Earlier this month (6/1/14) Arlene Baratz, AIC Board member, spoke at Sunnyhill Unitarian Universalist Church (Pittsburgh, PA) and gave an inspiring speech raising intersex awareness in honor of Pride month. Read to uncover Arlene’s personal journey with intersex as she describes what it was like to complete medical school and the surprise she had when her daughter turned six.
I’m honored to be here as we kick off Pride Week, celebrating the diversity of sexuality and gender in our community. This has been an exciting year for LGBT rights, with the Supreme Court declaring the DOMA unconstitutional last June, the US Census Bureau recognizing married LGBT couples as families, and our own governor allowing marriage equality to stand in PA. This was hard to imagine in 2008 when California passed Proposition 8 restricting marriage to “one-man-one-woman.” It looks like we will all finally have the legal right to marry and create families with whomever we love. And equal heath care is on the horizon too. After an investigation showing that LGBT people’s health is worse than it should be, our government’s National Institutes of Health (NIH) funded a huge new research project to find out why this is so and how to change it. On May 30, the Department of Health and Human Services ruled that Medicare must cover transgender surgery.

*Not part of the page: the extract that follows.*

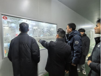 师生党员代表首先前往洪湖大同湖中佳禽谷鹌鹑养殖基地,在企业董事长白从佳的引导下,依次参观养殖棚舍、蛋全自动化生产车间与防疫检测点,实地参观了解鹌鹑养殖环境、饲料投放系统、蛋品分拣包装及粪污资源化利用等环节。研究生党员周小蕾就鹌鹑蛋的贮存运输等事宜向企业负责人进行询问,蔡朝霞教授从食品营养角度引导思考养殖源头对终端食品品质的影响,推动调研与课堂知识深度融合。

These changes support the rights of people whose sexuality or gender identity may be non-traditional, but whose bodies are just like everyone else’s. I was invited here today to discuss intersex, another kind of sex diversity sometimes cast under the LGBTI umbrella. If any of you are familiar with the “genderbread person,” it’s a drawing of a gingerbread cookie with a brain and a heart. In our brains is how we feel about ourselves along male/female spectrum and is often referred to as our gender identity; this may be reflected in how we act and dress, our gender expression. In our hearts is where our romantic and sexual attractions lie; commonly referred to as our sexuality. But we also have physical characteristics such as our genitals and reproductive structures that usually determine our sex when we are born. With intersex conditions, also known as differences or disorders of sex development (DSD), babies are born with physical variations that do not clearly fit expectations of a male-female binary in physical sex.

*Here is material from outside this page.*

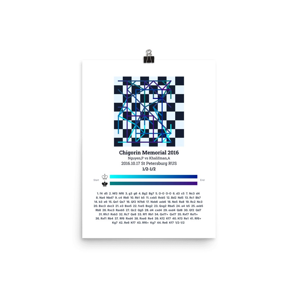 Museum-quality poster on thick, durable matte paper. A sharp, clean look for any chess visualisation.

To help you understand these variations I will offer a foray into Intersex 101 biology because almost everything we learned in sex-ed is wrong! Most of us think we have a pretty solid idea of what it means to be male or female. We were taught that women’s bodies fit in a pink box and men’s in a blue one, each separate with no overlap. A female body has these physical characteristics: gonads that are ovaries that make estrogen, a uterus, genitalia with a clitoris, labia and vagina, and XX chromosomes. A male body has a penis and a scrotum containing testes that make androgen hormones like testosterone, and XY chromosomes. Most of the time, gender identity aligns with these physical traits.
So when a baby is born and we look on the outside we assume that a baby with clitoris and labia on the outside is a girl who will have a uterus, ovaries, and XX chromosomes and that she’ll have a female gender identity, grow up to be a woman, and most likely be attracted to men. If we see a penis and scrotum we assume that this is a boy with testes, XY chromosomes who will have a male identity, grow up to be man, and most likely be attracted to women.

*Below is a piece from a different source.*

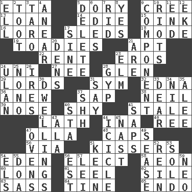 ACROSS 1. Singer James 5. Dinghy 9. Algonquian 13. Grant temporary use of 14. Singer Brickell 15. Pig sound 16. Old wives' tales, e.g. 17. Bobsleighs 18. Method 19. Sycophants 21. Fitting 22. Monthly bill 23. Greek god of love 24. Single; one (prefix) 27. Born 28. Small, secluded valley 29. Titled peers of a realm 31. Symbol (abbr.) 32. Pulitzer Prize-winning author Ferber 36. Afresh 37. Plant excrement 38. Famous astronaut Armstrong 39. Characteristic smell of wine 40. Like a shrinking violet 41. Having lost freshness 42. Thin strip of wood or metal 44. _ tizzy (2 wds.) 46. To separate or throw off 47. Spanish pot 48. Smile enhancers 50. By way of 51. Smoochers 54. Locale of original sin 56. Choose 58. Period of immesurable duration 60. Having great length 61. Stitch closed the eyes of (a falcon) 62. Drop; flow; fall 63. Backtalk 64. Prong on a fork 65. Inside; within (prefix) DOWN 1. Pipe bend 2. A blast of a horn 3. Edible starchy tuberous root 4. Approach 5. Keyboard key 6. Lyric poems 7. To free from 8. It is so 9. Piece 10. Disturbances 11. Conclusion 12. Supplement with great effort 17. Trig term 20. Hiding places for outlaws 21. "We ___ not amused" (Victoria) 23. Shade tree 24. ____ Bator, Mongolia 25. Words to Nanette 26. Angers 28. Hustle 30. Homes 31. Declare 33. Letter starter 34. Mediterranean tributary 35. Toward shelter 37. Quiet! 40. R.R. building 41. Plant excrements 43. Wing 44. Hanging ice 45. Political cartoonist Thomas 47. Baking chambers 49. Gospel singer Marvin 51. Peachy ____! 52. It's straight from the horse's mouth 53. Disposed of to a purchaser 54. Raised railways 55. ___ good deed 56. Eastern Standard Time (abbr.) 57. Flowery wreath 59. Modern: prefix

But things aren’t always so neat. Variations of individual patterns of sex characteristics are much more common than people think. 1 in 2000 babies is born with some difference in sex anatomy and has unexpected chromosomes, gonads, or genitalia. DSD is more common that cystic fibrosis, which everyone has heard of. You probably know someone with one of these differences and aren’t even aware of it.
So let’s review some examples of the differences in intersex conditions.
A baby with XX chromosomes has a uterus and ovaries, but may be identified as a boy at birth because male genitals developed under the influence of high levels of male hormones from a serious hormonal condition called Congenital Adrenal Hyperplasia (CAH).
Another baby has XY chromosomes that prevent a uterus from developing. The baby has testes making androgens, but the tissues are immune to androgen effects, so the body turns the androgens into estrogen. This creates an alternative pathway to female development and this baby is a girl with Complete Androgen Insensitivity Syndrome (CAIS).
A third baby has one ovary, one testis, and a uterus. The baby has genital difference and doesn’t look either strictly male or female. The family and doctors will have to go through a decision-making process to determine whether to raise this baby as a boy or a girl. Part of this process will include predicting whether the baby is more likely to feel like a man or a woman in adulthood. Gender identity can be difficult to predict because it is influenced by many factors both biological and psychosocial.
So when a baby is born with uncertain sex, we can “assign” a sex based on how things look and try to predict how this child will feel, but in many cases it’s complicated and we’re not so good at it.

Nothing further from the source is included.